== INSTRUCTIONS FOR THE TASK ==
Everything from the line with "Axel ha presentato" to the line with "2023年6月21日下午,我" in the listing below, both lines included, needs to be copied exactly, apart from the pictures.

== SUPPLIED DATA ==
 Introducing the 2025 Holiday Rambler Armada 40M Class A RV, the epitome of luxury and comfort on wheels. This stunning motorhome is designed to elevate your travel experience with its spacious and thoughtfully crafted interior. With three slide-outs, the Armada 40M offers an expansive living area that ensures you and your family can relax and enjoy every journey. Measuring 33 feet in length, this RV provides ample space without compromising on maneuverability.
==
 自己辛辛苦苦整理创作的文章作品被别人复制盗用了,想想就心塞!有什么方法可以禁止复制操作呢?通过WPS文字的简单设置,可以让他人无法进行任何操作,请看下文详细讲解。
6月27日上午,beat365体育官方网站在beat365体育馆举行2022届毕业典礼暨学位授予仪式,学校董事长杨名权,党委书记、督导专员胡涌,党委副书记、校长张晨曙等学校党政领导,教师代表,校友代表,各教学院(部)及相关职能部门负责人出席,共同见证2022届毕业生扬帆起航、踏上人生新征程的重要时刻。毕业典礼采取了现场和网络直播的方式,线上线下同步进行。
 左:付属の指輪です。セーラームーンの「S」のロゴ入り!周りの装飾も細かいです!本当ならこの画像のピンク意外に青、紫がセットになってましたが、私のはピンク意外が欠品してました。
--
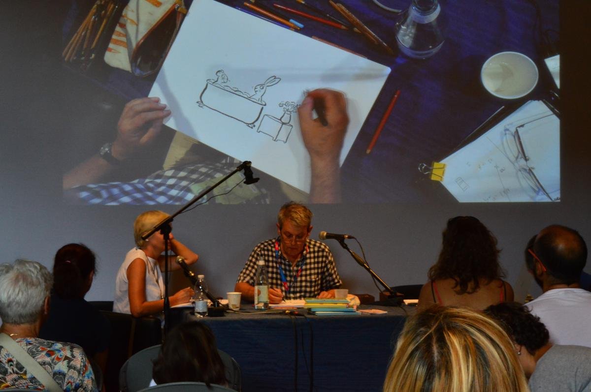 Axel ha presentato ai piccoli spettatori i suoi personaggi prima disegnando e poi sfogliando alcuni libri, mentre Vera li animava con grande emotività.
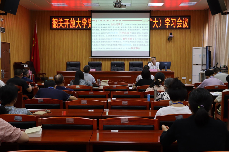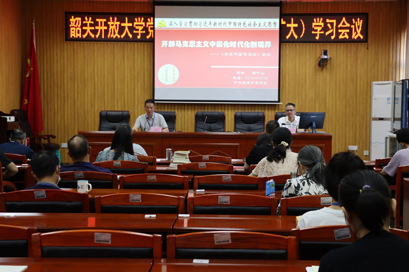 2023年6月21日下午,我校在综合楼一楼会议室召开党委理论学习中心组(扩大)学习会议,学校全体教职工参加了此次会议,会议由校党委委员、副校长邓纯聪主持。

== RESULT OF THE EXERCISE ==
 Axel ha presentato ai piccoli spettatori i suoi personaggi prima disegnando e poi sfogliando alcuni libri, mentre Vera li animava con grande emotività.
 2023年6月21日下午,我校在综合楼一楼会议室召开党委理论学习中心组(扩大)学习会议,学校全体教职工参加了此次会议,会议由校党委委员、副校长邓纯聪主持。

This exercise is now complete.